Question

How much energy is stored in the surface of a soap bubble 2.1 \(\mathrm{cm}\) in radius if its surface tension is \(4.5 \times 10^{-2} \mathrm{~N} / \mathrm{m} ?\)

Short answer

The total energy stored in the soap bubble is \(U = 2.38 \times 10^{-4} \) J

Step-by-step solution

Convert the units

First, the radius of the bubble must be converted from centimeters to meters and the surface tension from N/m to J/m^2. To convert cm to m, divide the value by 100. In this case, \( r = \frac{2.1}{100} = 0.021 \, m \) and \( T = 4.5 \times 10^{-2} \, J/m^2 \). these are the units used in the international system for physics problems.

Substitute the values into the formula

Now, substitute the given values of \( r \) and \( T \) into the formula \( U = 8 \pi r^2 T \).

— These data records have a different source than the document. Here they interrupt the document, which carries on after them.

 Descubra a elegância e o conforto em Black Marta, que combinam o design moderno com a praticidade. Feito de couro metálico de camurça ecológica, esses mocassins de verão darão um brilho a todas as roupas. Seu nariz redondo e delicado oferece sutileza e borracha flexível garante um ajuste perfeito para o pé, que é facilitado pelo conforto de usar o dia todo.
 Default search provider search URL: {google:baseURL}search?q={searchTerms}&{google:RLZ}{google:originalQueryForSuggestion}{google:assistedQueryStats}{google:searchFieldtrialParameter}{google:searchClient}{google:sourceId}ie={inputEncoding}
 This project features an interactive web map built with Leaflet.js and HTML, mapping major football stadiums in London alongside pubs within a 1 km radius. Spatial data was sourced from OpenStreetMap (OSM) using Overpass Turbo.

Calculate the energy stored

Compute the energy using the formula: \( U = 8 \pi (0.021)^2 \times 4.5 \times 10^{-2} \)

Key concepts

energy stored

The concept of energy stored in a soap bubble is tied closely to the idea of surface tension. When a soap bubble forms, a thin film of soapy water stretches across its spherical frame. This film tries to minimize its surface area due to the force of surface tension, which acts as if it's trying to "shrink" the surface. The energy stored in this surface is essentially what's needed to keep the film stretched and maintain the bubble's shape.

To determine the energy stored in a soap bubble, we use the formula:

• \( U = 8 \pi r^2 T \)

where \( U \) represents the energy stored, \( r \) is the radius of the bubble, and \( T \) is the surface tension. The factor of \( 8 \pi \) is significant because it accounts for the two distinct surfaces of a bubble (inside and outside) and incorporates the geometry of a sphere.

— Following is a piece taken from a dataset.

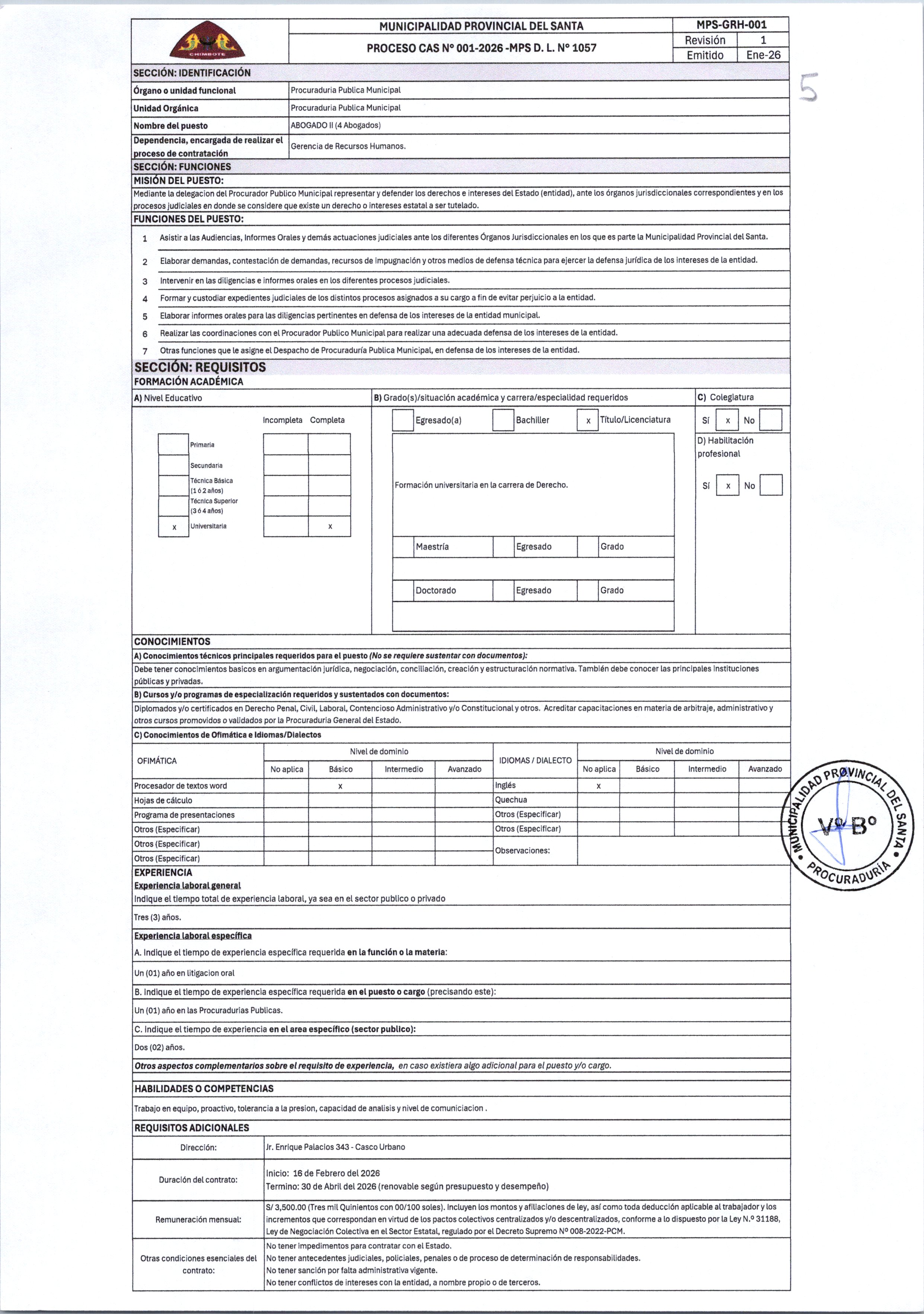 | 5 | PROCESO CAS N° 001-2026-MPS ABOGADO II |

Understanding how this equation relates energy, radius, and surface tension helps grasp how bubbles maintain their structure and why they appear so delicately robust.

soap bubble

A soap bubble is a thin film of soapy water enclosing air that forms a spherical shape. This spherical shape occurs because it’s the form that minimizes surface area for a given volume, meaning less energy is stored due to tension in the film's surface.

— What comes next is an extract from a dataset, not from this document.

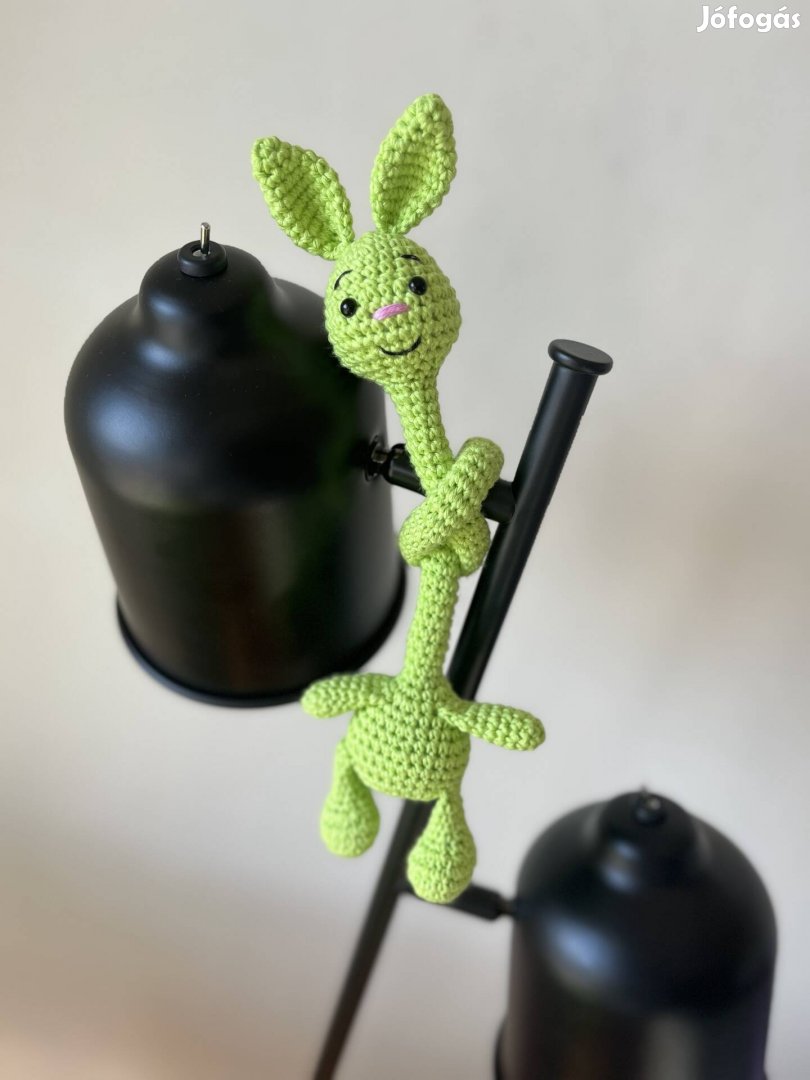 Horgolt nyuszi táskadísznek vagy az íróasztalra a lámpára tehető dísznek. Hossza kb. 43 cm.

The surface of a soap bubble has unique properties because it exhibits near-perfect surface tension. Surface tension is an elastic-like force existing on the surface of a liquid, influenced by the interactions of liquid molecules. In bubbles, these forces create a barrier that resists external loads, allowing bubbles to maintain their form despite being so thin and fragile.

Soap bubbles are fascinating not only for their colorful appearance but their display of physical properties that are essential in understanding fluid dynamics and surface phenomena. By examining bubbles, we gain insight into practical applications, such as minimizing materials or maximizing surface areas.

unit conversion

Unit conversion is crucial for solving problems in physics because it ensures that the quantities you're working with are in compatible units. In the context of the soap bubble problem, we start by converting the radius from centimeters to meters because the international system of units (SI) uses meters for length. This ensures consistency and allows formulas to yield results in standard units.

To convert radius:

• Radius in centimeters: 2.1 cm.
• Using the conversion, divide by 100 to get meters: \( r = \frac{2.1}{100} = 0.021 \) m.

Secondly, since the problem involves surface tension, expressed as \( \mathrm{N} / \mathrm{m} \) which is equivalent to \( \mathrm{J} / \mathrm{m}^2 \), this allows integration into the energy formula seamlessly.

Unit conversion is a foundational skill in physics that enables precise calculations and fosters a better understanding of how different systems relate.